* [TASK TO COMPLETE]:
Start to finish, return the listing below exactly, pictures excluded.

* [STORED DATA]:
..........

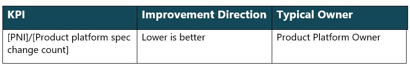 PNI is short for Part Number Introductions, it is the number of parts added to the ERP system in a year. By comparing the PNI with the number of added SKUs in a year we get an average of how many parts we need to add to introduce a new SKU. For configuring/customizing companies it is better to track changes in the platform specification. If we add a new specification for some property, it is a change to we want to accommodate with as few part number introductions as possible.
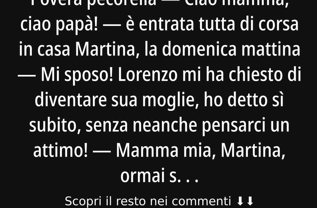 Mamma mia, Martina, ormai sei proprio cresciuta ha detto Maria alzando le mani e lanciando uno sguardo a suo marito, Giovanni, che era seduto serio, tutto riflessivo con questa notizia da mandare giù.
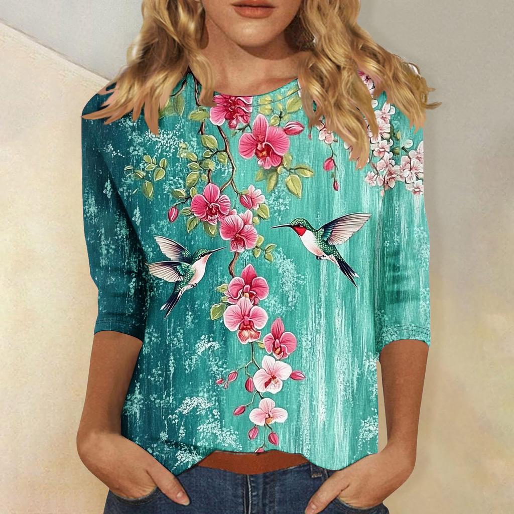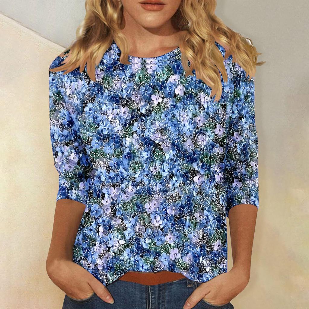 Женская мода повседневная три четверти рукава цветочный принт горловина топ
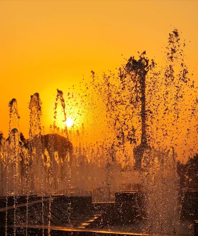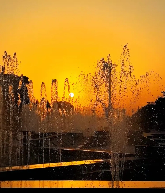 由于导游在博物馆讲解过于兴奋,多讲了一个小时,因此,当我来到索莫尼广场,太阳正在落下,夕阳照在喷泉和索莫尼纪念碑时,泉水和地面变得金黄,纪念碑闪着金光,这一刻美极了,惊呆了我,从未见过这么漂亮光影的城市建筑。

..........

* [ANSWER BOX]:
 PNI is short for Part Number Introductions, it is the number of parts added to the ERP system in a year. By comparing the PNI with the number of added SKUs in a year we get an average of how many parts we need to add to introduce a new SKU. For configuring/customizing companies it is better to track changes in the platform specification. If we add a new specification for some property, it is a change to we want to accommodate with as few part number introductions as possible.
 Mamma mia, Martina, ormai sei proprio cresciuta ha detto Maria alzando le mani e lanciando uno sguardo a suo marito, Giovanni, che era seduto serio, tutto riflessivo con questa notizia da mandare giù.
 Женская мода повседневная три четверти рукава цветочный принт горловина топ
 由于导游在博物馆讲解过于兴奋,多讲了一个小时,因此,当我来到索莫尼广场,太阳正在落下,夕阳照在喷泉和索莫尼纪念碑时,泉水和地面变得金黄,纪念碑闪着金光,这一刻美极了,惊呆了我,从未见过这么漂亮光影的城市建筑。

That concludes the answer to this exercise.